A Sandbox for Kafka Connect Connectors Experimentation

7 min readJun 19, 2024

This article introduces a sandbox for Kafka Connect, an environment designed to simplify the process of testing different connectors. It enables developers to streamline their experimentation process, reducing the time spent on it.

Introduction

Kafka Connect is a tool within the Apache Kafka ecosystem that simplifies the process of integrating Kafka with other systems. It provides a scalable and reliable way to stream data between Kafka and several databases, cloud services, and other endpoints without requiring custom code (sometimes very little).

The versatility of Kafka Connect lies in its wide range of connectors — pre-built integrations that allow Kafka to interact with external systems. Whether you need to ingest data from a relational database, synchronise with a NoSQL store, or just export data to a data warehouse, Kafka Connect likely has a connector for the task.

However, setting up and testing these connectors can be complex and time-consuming, often requiring a dedicated environment for validation and troubleshooting.

What is this Sandbox?

This sandbox provides a lab environment for developers to simulate real-world scenarios and assess the performance, functionality, and reliability of Kafka Connect connectors before deploying them in a staging or production environment. Developers can detect and address problems early, validate new features, and ensure that their solutions work as intended in various scenarios. This leads to higher quality, and therefore more reliable systems.

Out of the box, it does the following:

Spin up Apache Kafka.
Build and spin up Kafka Connect.
Spin up Kafkdrop — a UI for Apache Kafka.
Spin up Confluent Kafka REST Proxy.
Spin up a Prometheus server.
Health check on Apache Kafka.
Health check on Kafka Connect.
Read data from a file and ingest data to Kafka (File source test).
Read data from Kafka and output it to a local file (File sink test).
Read data from Kafka and output it into a database (PostgreSQL sink test).
Check the status of the source and sink connectors using Kafka Connect’s API.

Architecture

Now, let’s explore the architecture of this sandbox in a C4 container diagram (Figure 1). This will not only help us better understand what it does but also guide us when needing to add a new Kafka Connect connector to it.

We can see that the sandbox provides capabilities to ingest, process, and store data while providing monitoring and visualisation capabilities.

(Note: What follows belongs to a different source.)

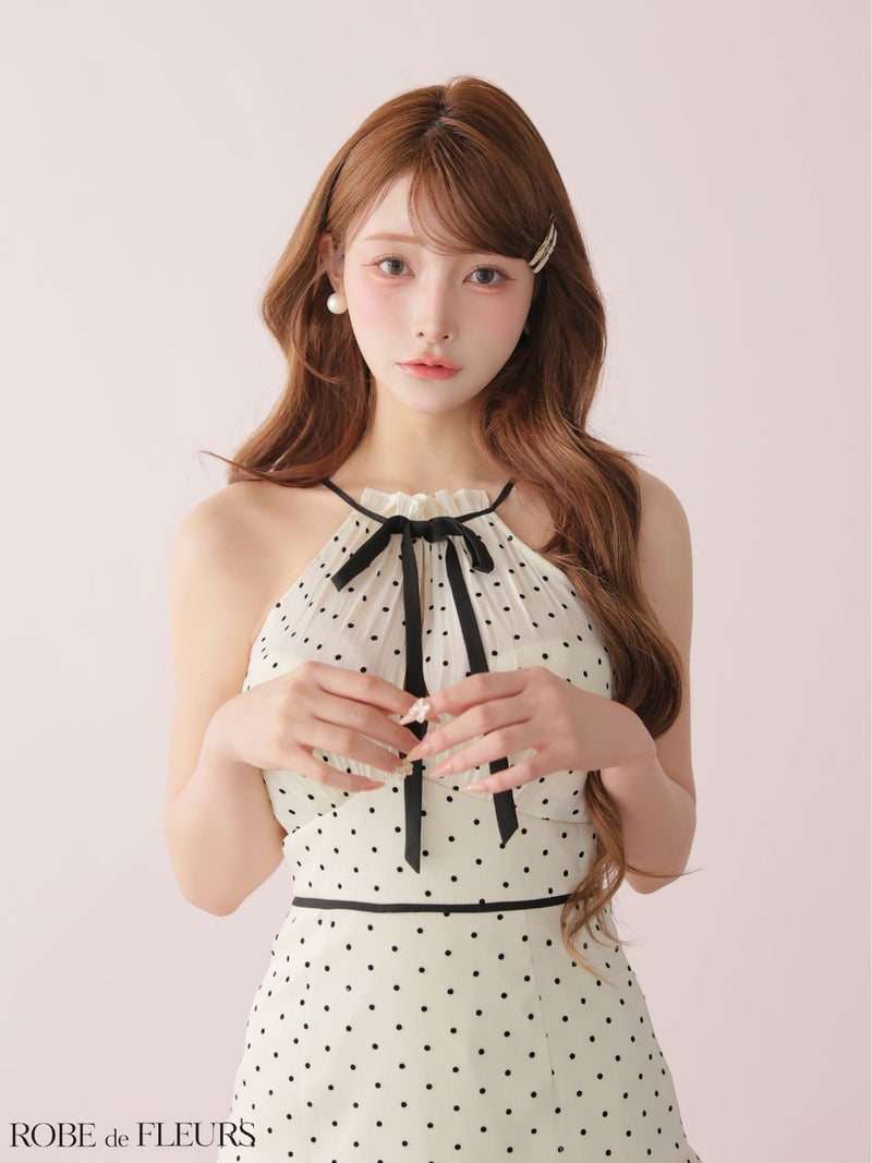 クラシカルな可愛さで差をつける♡ [ROBEdeFLEURS/ローブドフルール] 高級 ブランド Aラインミニドレス 谷間 ホルターネック ドット柄 背中魅せ ネックリボン 裾フリル

The data flows this way in this architecture: (i) the File Source Connector reads data from file-source.txt and ingests it into the Kafka topic local.connect-test-file; (ii) the File Sink Connector reads from the Kafka topic and writes the data to test.sink.txt; (iii) the JDBC Sink Connector reads from the Kafka topic and ingests the data into the demo_sink PostgreSQL database.

Breaking down the main components and their interactions, we have:

File Source Connector: it reads a text file (file-source.txt) from the disk and ingests the data into a Kafka topic.
Kafka Broker: message broker that holds the topic local.connect-test-file, which stores the ingested data from the File Source Connector.
File Sink Connector: consumes data from the Kafka topic and writes it to a file (test.sink.txt) on disk.
JDBC Sink Connector: consumes data from the Kafka topic and ingests it into a PostgreSQL database (demo_sink).
demo_sink database: a PostgreSQL database (demo_sink) where data will be ingested into.

The accessory items are:

Prometheus JMX Exporter: exports JMX metrics from Kafka Connect (including all connectors) to an endpoint, providing monitoring data.
Prometheus Server: scrapes metrics from the JMX Exporter and provides insights into the Kafka Connect environment.
Confluent REST Proxy: provides an API to access Kafka directly, allowing the user to make API calls to obtain information about the Kafka cluster/broker.
Kafdrop UI: provides a user interface to visualize information about Kafka topics.

Running the environment

Now that we grasp the sandbox’s architecture, let’s make the environment work. First, you need to clone the following repository:

git clone git@github.com:estevaosaleme/kafka-connect-sandbox.git

If you want to just download it as a zip file, please go to https://github.com/estevaosaleme/kafka-connect-sandbox.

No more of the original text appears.